Let f:ℝⁿ → ℝ be a convex, twice-differentiable function to optimize. Denote the gradient of f at a current point x_k by ∇f_k, and the Hessian matrix or matrix of second partial derivatives by H_k, symmetric and positive definite. For any point x define, p = x–x_k. The second order Taylor expansion around x_k is given by

$$m_k\left(\mathbf{p}\right)=f_k+{\mathbf{p}}^T\nabla f_k+\frac{1}{2}{\mathbf{p}}^T{\mathbf{H}}_k\mathbf{p}$$

and defines a quadratic model. The gradient of m_k(p) with respect to x is ∇m_k(p) = ∇f_k + H_kp, and it is minimized at ${\mathbf{p}}_k=-{\mathbf{H}}_k^{-1}\nabla f_k.$

Let ${\mathbf{H}}_k^{-1}={\mathbf{B}}_k$. The BFGS algorithm can be described as follows:

1. Obtain a direction p_k by solving p_k = −B_k∇f_k.

2. Perform a line search in the direction of p_k to find some α ∈ (0,∞) and then update x_k#x0002B;1 = x_k + α_kp_k. The step length α_k is required to satisfy certain conditions to guarantee convergence.

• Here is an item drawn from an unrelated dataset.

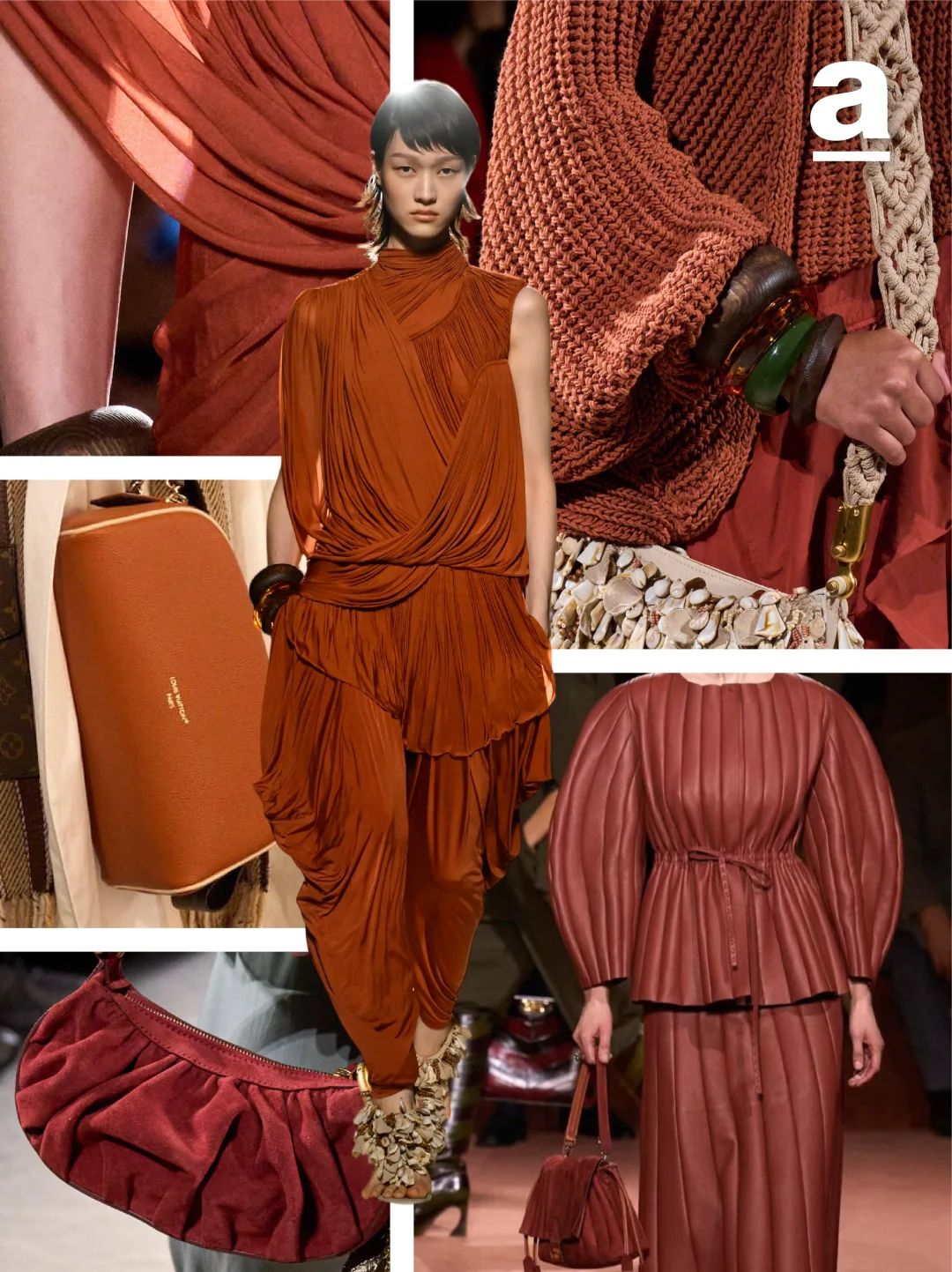 该色彩是「隐性奢华」风格的代表色,浅驼色与浅灰交融出如阳光烘焙茶梗般的温润质感,暖而不艳、柔和百搭,自带治愈松弛感,既能驾驭精纺羊毛西装、软糯针织开衫的通勤优雅,也能hold住复古阔腿裤的度假随性。

3. Define s_k = x_k+1–x_k = α_kP_k and y_k = ∇f_k#+1–∇f_k.

4. Compute

   $${\mathbf{B}}_{k+1}=\left(\mathbf{I}-{\rho }_k{\mathbf{s}}_k{\mathbf{y}}_k^T\right){\mathbf{B}}_k\left(\mathbf{I}-{\rho }_k{\mathbf{y}}_k{\mathbf{s}}_k^T\right)+{\rho }_k{\mathbf{s}}_k{\mathbf{s}}_k^T\text{where}{\rho }_k=\frac{1}{{\mathbf{y}}_k^T{\mathbf{s}}_k}.$$ (A.1)

   This is the solution to the matrix minimization problem, ${\mathbf{B}}_{k+1}=\underset{\mathbf{B}}{arg\; min}{\Vert \mathbf{B}-{\mathbf{B}}_k\Vert }_{\mathbf{W}}$ subject to B = B^T, By_k = s_k, where ${\Vert \mathbf{B}-{\mathbf{B}}_k\Vert }_W={\Vert {\mathbf{W}}^{\frac{1}{2}}(\mathbf{B}-{\mathbf{B}}_k){\mathbf{W}}^{\frac{1}{2}}\Vert }_F={\Vert \mathbf{C}\Vert }_F=\sqrt{\sum _{i=0}^n\sum _{j=0}^n{c}_{ij}^2}$ and W is the inverse ${\overline{G}}_k^{-1}$ of the average Hessian, ${\overline{G}}_k=\underset{0}{\overset{1}{\int }}{\nabla }^{2}f({\mathbf{x}}_k+\tau {\alpha }_k{\mathbf{p}}_k)d\tau$.

The initial value for the inverse of the Hessian matrix, B₀, can be selected as a scalar multiple of the identity matrix or a finite difference approximation at x₀, for instance. Convergence is achieved when the norm of the gradient |∇f(x_k)|<∈, where ∈>0.